A wolfish moment of eye contact. “Be careful what you give of yourself, Ethan. My wolf can be a possessive beast.”

“I am yours.”

Her pupils flared and inside him the scalding heat of her was a dangerous kiss.

Ethan walked into the burn.

Gold in her eyes, Selenka cupped his jaw. “So much passion, so much emotion.” A husky murmur. “Are you sure you’re an Arrow?” Not waiting for an answer, she tugged him close for a kiss that was soft and slow and deep and lava in his veins.

The Scarab power shoved against his shields for freedom, and he was caught between the craving to press his body to her own and never let go—and the need to take a step back so he could strengthen his shields. But Selenka was an alpha with a grieving pack. And a small moment was all she’d allow herself.

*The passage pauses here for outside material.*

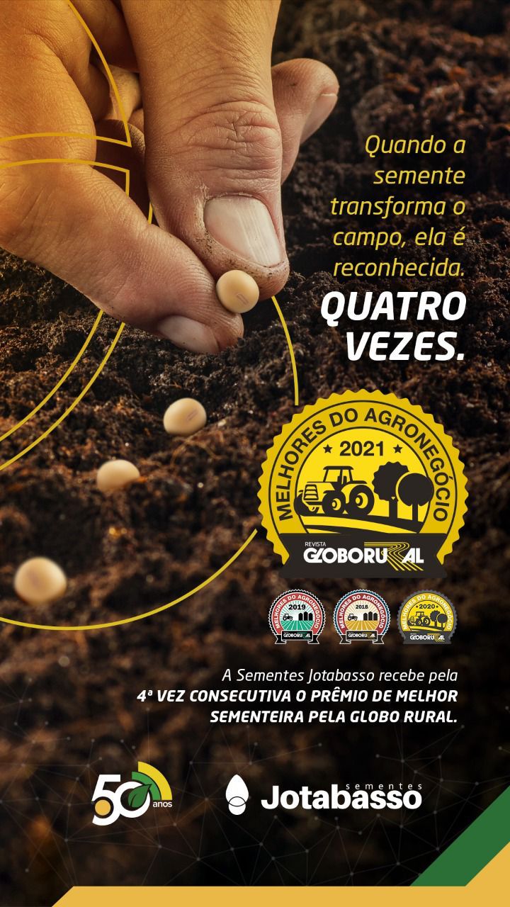 A Sementes Jotabasso vence pela quarta vez o prêmio da categoria Sementes do evento Melhores do Agronegócio promovido pela Globo Rural em parceria com o Serasa Experian. A premiação ranqueia as principais empresas em 21 setores do agronegócio, levando em consideração os indicadores econômicos, como receita líquida, ativo total e margem líquida.

They continued on, eventually entering a large room that appeared to be a meeting area. Seven people stood within, all of whom bristled with power. The bearded male with tattooed arms—Gregori—was there, along with the one Selenka had called Ivo. Ethan also recognized Margo Lucenko and Artem Güvenc from the security team at the symposium, but that was all he had time for before the world blazed at the edges.

He halted in the doorway, slammed by a massive wave of energy that had no form he could identify. It hit him with the force of a punch to the solar plexus and he might’ve doubled over if he hadn’t suffered far worse in Arrow training.

As it was, Selenka swung around to look at him, her hair streaks of color in the air. He kept his expression calm though his heart pounded and perspiration threatened to break out over his skin. He couldn’t permit the latter—the wolves would scent it, and his job was to be Selenka’s shield and sword, not divide her already strained attention.

His mate’s eyes narrowed slightly, but she continued on to her lieutenants without calling him on what was happening. “Ethan, you know Margo.”

Artem, fine boned with pale skin and piercing hazel eyes, his height around the same as Ethan’s, raised his hand. “We met at the symposium.”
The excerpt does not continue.